For the first time ever, a collection of Egyptian hieroglyphs collected from papyrus scrolls and found on rock faces are being translated to English and then published in an effort to reach a wider audience.
These ancient Egyptian texts have largely only been available to specialized academics, as a large number of these hieroglyph collections are locked behind inaccessible tombs. Despite the high profile of the ancient civilization, it’s mostly known for its massive pyramids and other monuments; in stark contrast to the Romans and the Greeks, who have had their ancient texts reprinted in modern English countless times. This new initiative, spearheaded by Toby Wilkinson from Clare College in Cambridge, seeks to change all that.
According to an article in The Guardian, Wilkinson made the decision to begin translating the new anthology to close a gap in the modern understanding of ancient Egypt. He was particularly interested in providing access to “the life of the mind, as expressed in the written word” of ancient Egyptians. With writing found on nearly every temple wall and within every tomb, the nearly 3,500 year written tradition of Egypt is much more than decorative. Wilkinson added.
The researcher felt that the public were being denied a deep literary tradition, especially with many museums displaying papyrus scrolls covered with hieroglyphs as artifacts instead of texts. The new translations should provide surprises for readers, Wilkinson hopes, adding a much-needed dimension to the ancient people besides pyramids, pharaohs, and Tutankhamun’s famous sarcophagus and mask.
While hieroglyphics are pictograms, Wilkinson says that the concepts they convey could be as sophisticated as any Latin or Greek script. The passages he’s chosen to translate offer a glimpse into the life of the ancient Egyptians and are rich with symbolism and metaphor, and include eyewitness accounts of natural disasters and military battles.
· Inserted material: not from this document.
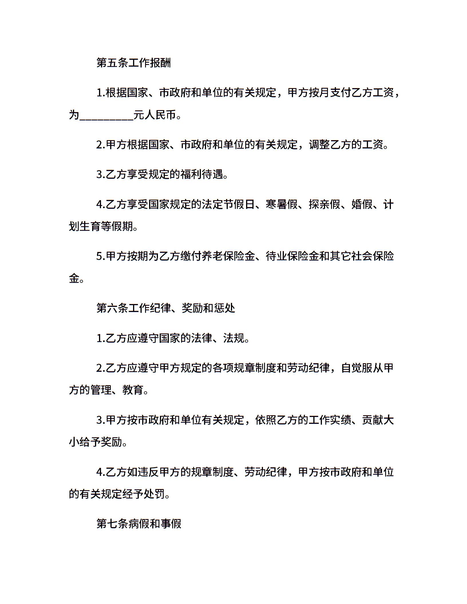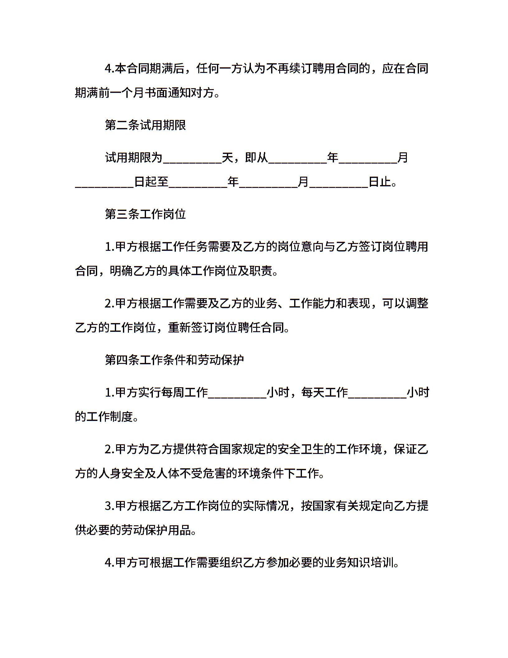 • 分类 聘用合同
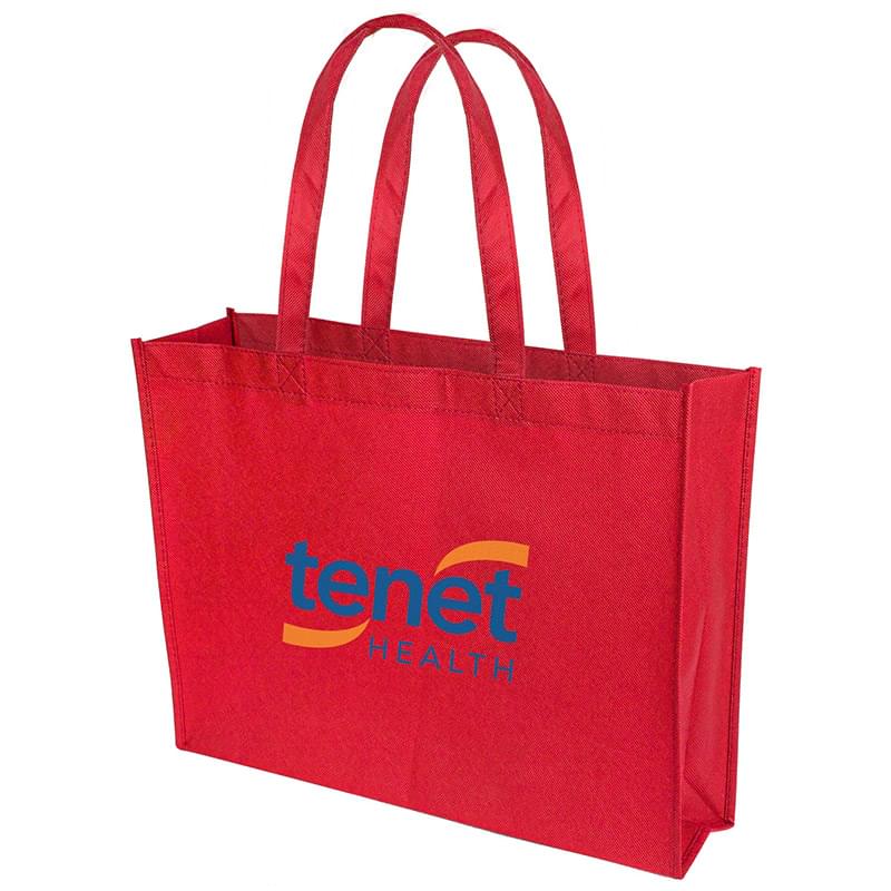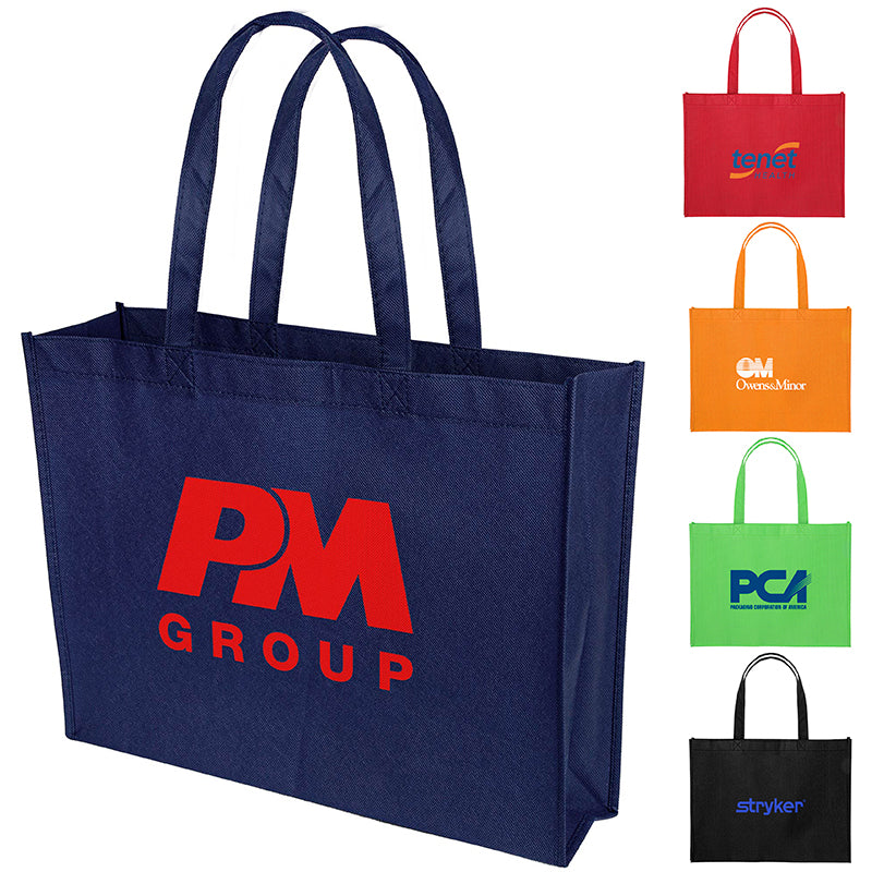 Non-woven 80GSM material. Durable stitched handles. Eco-friendly. Polypropylene, made of 100% recycled materials.

The researcher, who has written several books on the subject of ancient Egyptians, says that many texts in the collection haven’t been translated for nearly a century. These older translations, only some of which are in English, use diction and idiom that are “very old-fashioned and impenetrable”, Wilkinson said, something that makes it even harder to relate to ancient Egyptians. The problem is not unique to ancient Egyptian; in fact, translating an archaic text into a modern language in a way that provides a close approximation of the original intent without making it unreadable to modern audiences is a dilemma prevalent in many academic translations.
However, Wilkinson says that the new translations are much more relatable, even to a modern audience. He attributes this to focusing on the emotional impact of the texts, which are a wide, varied collection of tales that contain literary fiction, correspondence between a farmer and his overseer, and a description of a catastrophic thunderstorm that caused widespread destruction and flooding.
The new anthology, which has been titled Writings from Ancient Egypt, is available this week from Penguin Classics.